“My friends, welcome to Lesbos — now you are going to Moria.”
The blue bus with iron grates on its windows sits perched on a patch of dirt next to the United Nations High Commissioner for Refugees (UNHCR) staging area for newly landed refugees. The view of the clear sea, white-brick village and palm fronds would be akin to paradise given different circumstances. But now, as a group of sleepy volunteers from the few NGOs left on the island watch on in the early morning sun, refugees from Africa and the Middle East are loaded onto the bus with the few possessions they still have — most still sopping wet — to be taken to the permanent holding camp on the island.
The tumult is over at this point. The boat has been guided safely to shore, the medical cases have been treated — sometimes only a hurt wrist, sometimes gangrene or frostbite; the variation in urgency can be extreme. Tea has been distributed, and those soaked through have been, hopefully, given a change of clothes. The long wait has start-ed. After a treacherous 4-mile crossing from Izmir or Avylik to Skala Sikimineas, these people escaping war and terror are about to spend months in the process to gain asylum.

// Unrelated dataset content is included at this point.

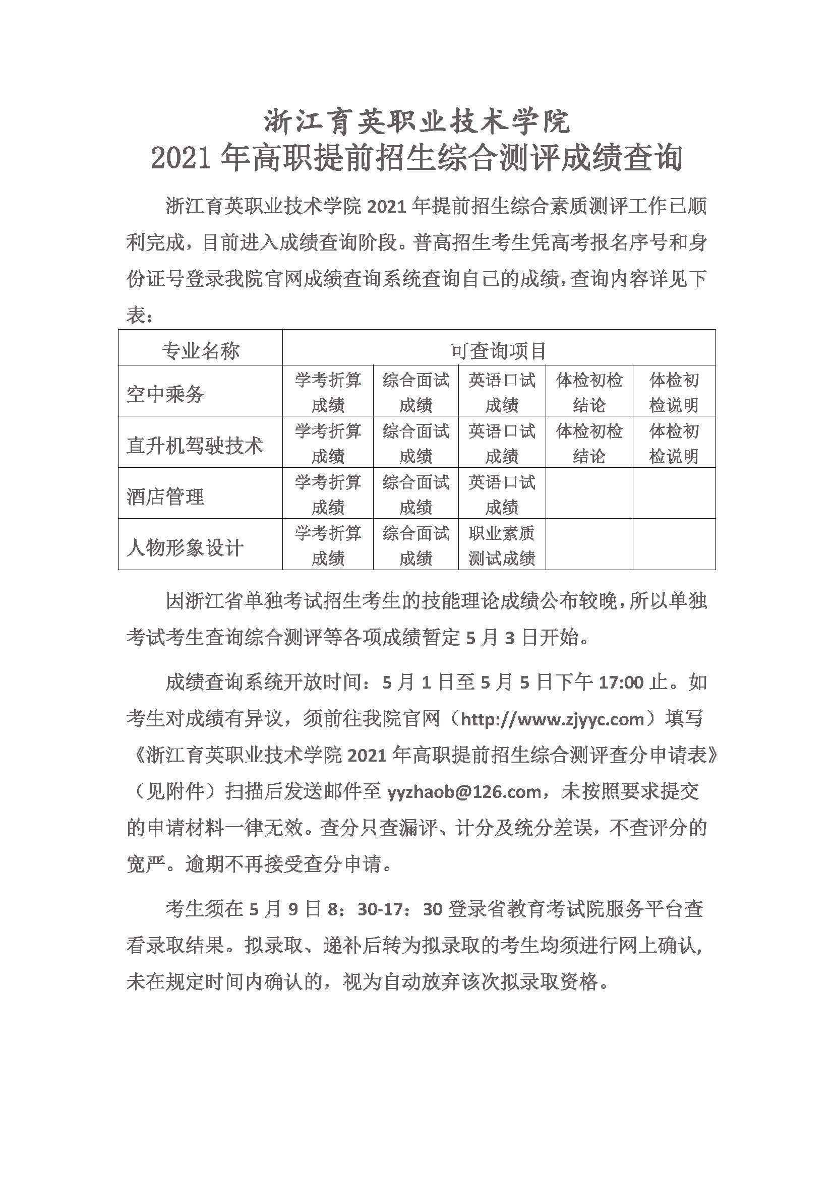 浙江育英职业技术学院2021年高职提前招生综合测评成绩查询

Moria is situated an hour away from the north shore and 7 kilometers from the main port of Mytilene. The road is bumpy and mountainous, passing through scrub-brush and goat pastures, over hills as old as civilization. Brick edifices covered by moss hang around the cliff sides with-out the sterile plaques of museums to classify their age, leaving you wondering who built them and how long they have been standing.
This is only seen, of course, by the ones who survived the crossing. A UNHCR report states that the refugees crossing the sea have dropped by 99 percent since the EU-Turkey deal in March 2016, but the rate of deaths has gone up to one in 393 people.
The camp that greets the refugees is stark, surrounded by heavy chain-link fences and covered in barbed wire that looks more like a prison or a World War II internment camp than a home. Up until February 2017, when four people died from the storms that hit in the winter, the men and women were living in tents, sometimes four or five men to a space. Now they are living in ISO-boxes, semi-permanent structures made out of plastic siding. Only a few tents still dot the hillside next to the road. In order to move on from the camp situated next to the small island village, first a refugee must process their asylum paperwork, and then the EU has to deem their story credible enough to warrant refuge. People wait months before they can even think about moving on to Athens.
A hazy future awaits them in their next port of call. Athens is still grappling with unemployment, a figure report-ed at 23 per-cent, and a massive debt that has led to equally massive austerity measures by the European Union. The lucky ones integrate into squats, and get the chance to thrive in a new community. The rest are relegated to different camps or forced to survive on the streets.
Some family members are separated for an interminable period of time. Ameer, a tall, slender Syrian man that used to operate a food cart outside of the camp, told me he had waited six months for his paper-work to be processed, to get the OK before moving onto Athens. But when he found his brother in the camp he decided to stay longer and wait so they could travel together. They had been apart for over two years after his brother was caught by ISIS, and he had feared his brother had died. When they met again in the mud-streaked camp by accident, they cried tears of joy.
Moria is one of the last standing camps on Lesbos, and, like the ruins of brick that dot the hillside, it is but a remnant of a more chaotic time. The newspapers, and the numbers, tell us that the refugee crisis is over. The hundreds of thousands that had crossed in the previous year has been reduced to a sparse tens of thousands. The screaming women and children washing ashore no longer dominate headlines.
In a few years, tourism will return to the island. Rich pensioners and young college kids will now share the hotels housing the last of the men and women who survived the major refugee surge in 2015. They will never know each other’s names, or the names and the faces of those who landed next to the bronze hills of Eftalou, or climbed the craggy rocks near Tsonia and Klio looking for warmth and safety. The tracers are disappearing. Lighthouse Relief’s eco-project has done a fine job removing the unsightly black rubber from the busted dinghies off the shoreline, and the fiber glass vessels that once housed a hundred souls blend in with the innumerable fishing boats of the natives.
But the men and women that crossed the sea, the children who lost friends, brothers, mothers and neighbors will not forget. Their eyes will speak of the tragedy they have survived, how they were received and what has been done to them.